Results update as you type.

Refinance Calculator

The refinance calculator is the broad comparison tool in this group: it looks at the current loan you are replacing, the new loan you are considering, the costs of the transaction, and any cash in or cash out. It is different from the refinance break-even calculator, which isolates months to recover closing costs, and different from the cash-out refinance calculator, which starts with home value and loan-to-value limits. Use this page when you want a full fixed-loan side-by-side: payment change, new principal, estimated interest, and total payment difference.

What the calculator does

The form asks for the current loan balance, current APR, and months remaining so it can reconstruct the monthly payment needed to amortize the debt you already have. It then asks for the new APR, new loan term, refinance costs, cash out or cash in, and whether the costs are financed. Those fields create the replacement loan amount. A positive cash number adds new debt because you receive money at closing. A negative cash number reduces the new principal because you bring cash to the refinance.

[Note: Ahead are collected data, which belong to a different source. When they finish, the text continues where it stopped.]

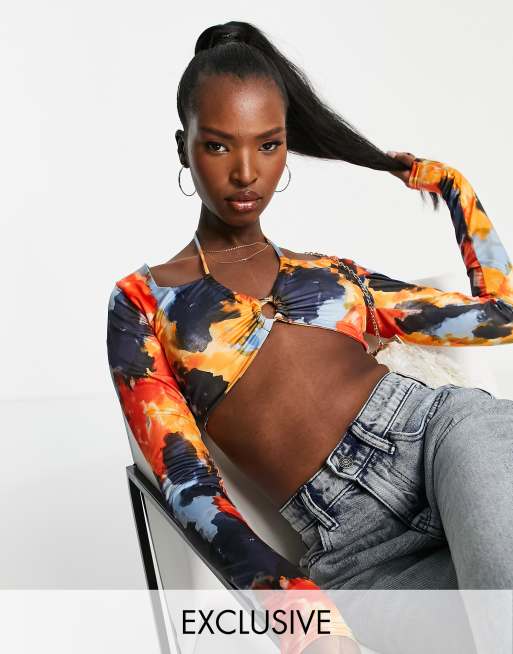 Missy Empire - Exclusives - Crop top met halternek en uitsnijdingen in veelkleurige print, deel van co-ord set
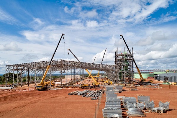 Civil works for the first concentrator plant is effectively complete (30,135 cubic metres of concrete poured from a total of 31,407 cubic metres) with all areas handed over and well advanced in steel, mechanical, piping and platework (SMPP) erection and installation.
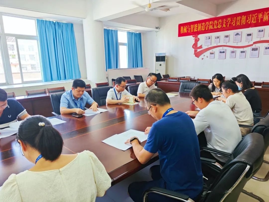 為深入開(kāi)展學(xué)習(xí)貫徹習(xí)近平新時(shí)代中國(guó)特色社會(huì)主義思想主題教育,引領(lǐng)學(xué)院黨員深化理論武裝,堅(jiān)定理想信念,錘煉政治品格,努力在以學(xué)鑄魂、以學(xué)增智、以學(xué)正風(fēng)、以學(xué)促干方面取得實(shí)實(shí)在在的成效。2023625日下午1610,機(jī)械與智能制造學(xué)院開(kāi)展學(xué)習(xí)貫徹習(xí)近平新時(shí)代中國(guó)特色社會(huì)主義思想主題教育讀書(shū)班學(xué)習(xí)。機(jī)械與智能制造學(xué)院書(shū)記林少丹、院長(zhǎng)楊開(kāi)懷、副書(shū)記肖秀林、副院長(zhǎng)陳貴清、各教研室主任及各支部委員共同參加會(huì)議。
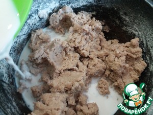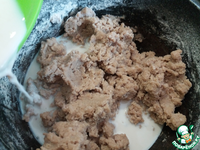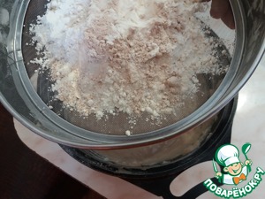 Муку: просеиваем 1/2 стакана пшеничной муки и 1/2 стакана гречневой муки
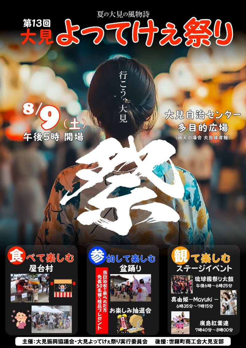 8月9日(土)17時から、世羅町大見地区の夏の風物詩となっている「大見よってけぇ祭り」が開催されます!ステージイベントや盆踊り、屋台にお楽しみ抽選会と盛り沢山な内容です。下記内容をご確認の上、是非ご参加下さい!! ステージイベント 琉球國祭り太鼓 ... -
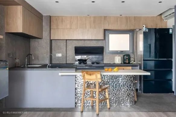 原始的厨房是封闭的、逼仄的,设计师把厨房打开后又把餐桌椅接到了一起。女业主烹饪时不再是一个人了,可以兼顾小朋友也可以和坐在客厅的家人聊天。增加了沟通交流和互动的同时也可以让小朋友了解烹饪享受烹饪的乐趣。
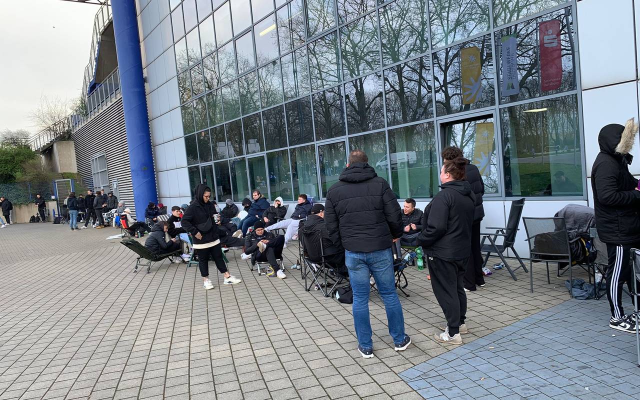 Nach Angaben des MSV Duisburg waren die Karten bereits nach wenigen Minuten weg. Insgesamt verfolgen 2.500 Duisburger das Spiel in Essen. Vor dem Zebra Shop an der Schauinsland Reisen Arena haben viele Fans auf Tickets gewartet. Manche haben sogar deshalb die Nacht vor dem Stadion verbracht.
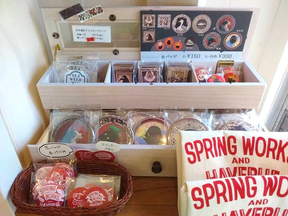 他にも店内には、娘さんが描いた作品の缶バッチやマスキングテープ、お店のロゴが入ったステッカーや缶バッチ、バッグなどが販売されています。

This design fits a mortgage refinance, vehicle refinance, or other installment loan, but it is not a rate quote. It assumes fixed payments, constant rates, and no prepayment penalty. For home loans, compare the estimate with official closing disclosures and with the mortgage refinance calculator. For vehicle debt, the car refinance calculator is more specific. If the refinance changes your whole monthly budget, use the budget calculator before accepting a lower payment that extends debt.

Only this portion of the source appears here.